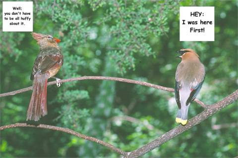 Now just what do think the Waxwing is saying to the Cardinal?
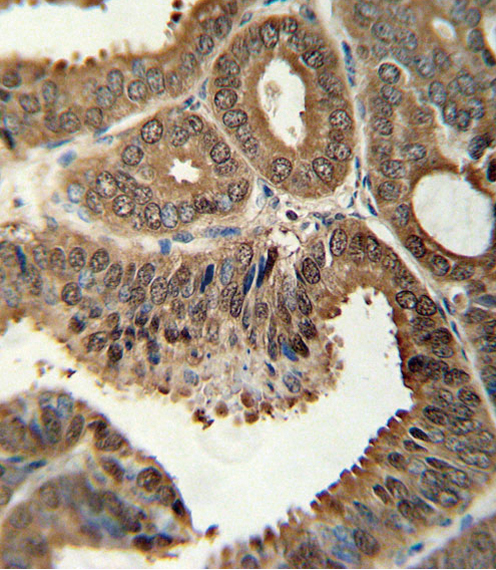 SFN antibody (C-term) (Cat. APR13300G) immunohistochemistry analysis in formalin fixed and paraffin embedded human prostate carcinoma followed by peroxidase conjugation of the secondary antibody and DAB staining. This data demonstrates the use of the SFN antibody (C-term) for immunohistochemistry. Clinical relevance has not been evaluated.
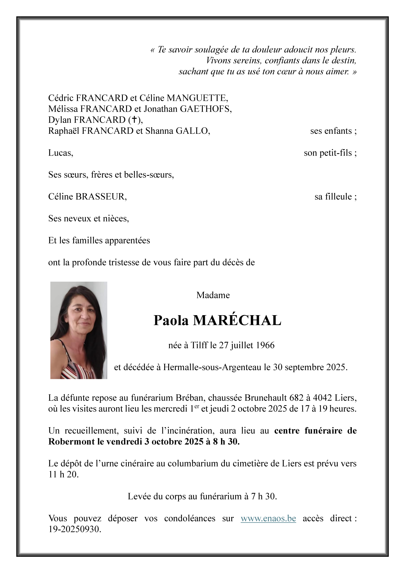 Died in Hermalle-sous-Argenteau (4681, Belgium) on 30 September 2025 at the age of 59 years
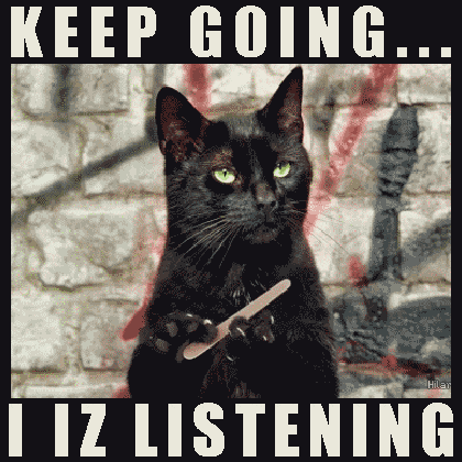 When you're just to the point in the day when you get back from a long day at work and all you want to do is vent to someone, the best person to go to is your cat! You'll tell them about how you can't handle dealing with customers anymore and she'll just stare at you with a blank face and occasional blink. Your cat may not be responding, but hey they stuck around and listened!
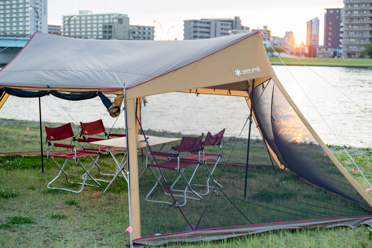 都市と自然が調和する新潟市ならではの景観が楽しめるやすらぎ堤に期間限定で登場するのが、アウトドア用品ブランドSnow Peakが運営する「ミズベリング 水辺アウトドアラウンジ」。賑やかな街中にありながら、静かでゆったりとした時間が流れる特別な空間が人気で、新潟市の夏の風物詩になっています。
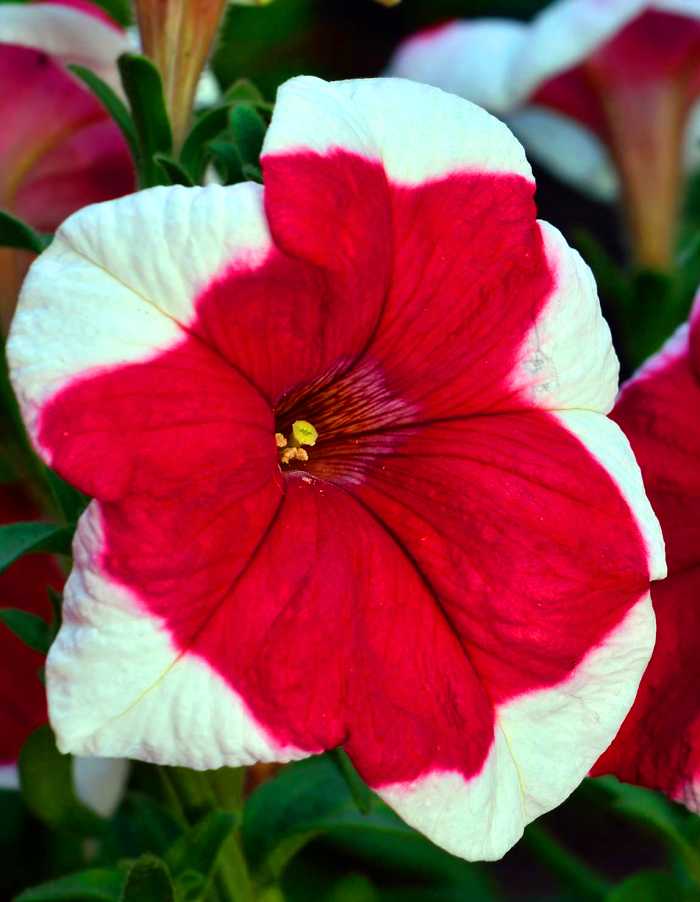 Сильноветвящееся растение с обилием крупных цветков, высотой 20-25 см, станут отличным украшением вашего сада или балкона. Цветки красно-малиновые с белыми пятнами по краю лепестков, диаметром 8-12 см, буквально осыпают куст, делая растение заметным издалека. Цветет обильно с июня до заморозков. Растение свето- и теплолюбивое, засухоустойчивое. Отличается устойчивостью к неблагоприятным погодным условиям. Быстро восстанавливает цветение после сильного дождя. Используют для клумб, рабаток, балконных ящиков и контейнеров.

## What is expected
Nothing may be altered when you restate the records, but every picture must be dropped.

## Written solution
 Now just what do think the Waxwing is saying to the Cardinal?
 SFN antibody (C-term) (Cat. APR13300G) immunohistochemistry analysis in formalin fixed and paraffin embedded human prostate carcinoma followed by peroxidase conjugation of the secondary antibody and DAB staining. This data demonstrates the use of the SFN antibody (C-term) for immunohistochemistry. Clinical relevance has not been evaluated.
 Died in Hermalle-sous-Argenteau (4681, Belgium) on 30 September 2025 at the age of 59 years
 When you're just to the point in the day when you get back from a long day at work and all you want to do is vent to someone, the best person to go to is your cat! You'll tell them about how you can't handle dealing with customers anymore and she'll just stare at you with a blank face and occasional blink. Your cat may not be responding, but hey they stuck around and listened!
 都市と自然が調和する新潟市ならではの景観が楽しめるやすらぎ堤に期間限定で登場するのが、アウトドア用品ブランドSnow Peakが運営する「ミズベリング 水辺アウトドアラウンジ」。賑やかな街中にありながら、静かでゆったりとした時間が流れる特別な空間が人気で、新潟市の夏の風物詩になっています。
 Сильноветвящееся растение с обилием крупных цветков, высотой 20-25 см, станут отличным украшением вашего сада или балкона. Цветки красно-малиновые с белыми пятнами по краю лепестков, диаметром 8-12 см, буквально осыпают куст, делая растение заметным издалека. Цветет обильно с июня до заморозков. Растение свето- и теплолюбивое, засухоустойчивое. Отличается устойчивостью к неблагоприятным погодным условиям. Быстро восстанавливает цветение после сильного дождя. Используют для клумб, рабаток, балконных ящиков и контейнеров.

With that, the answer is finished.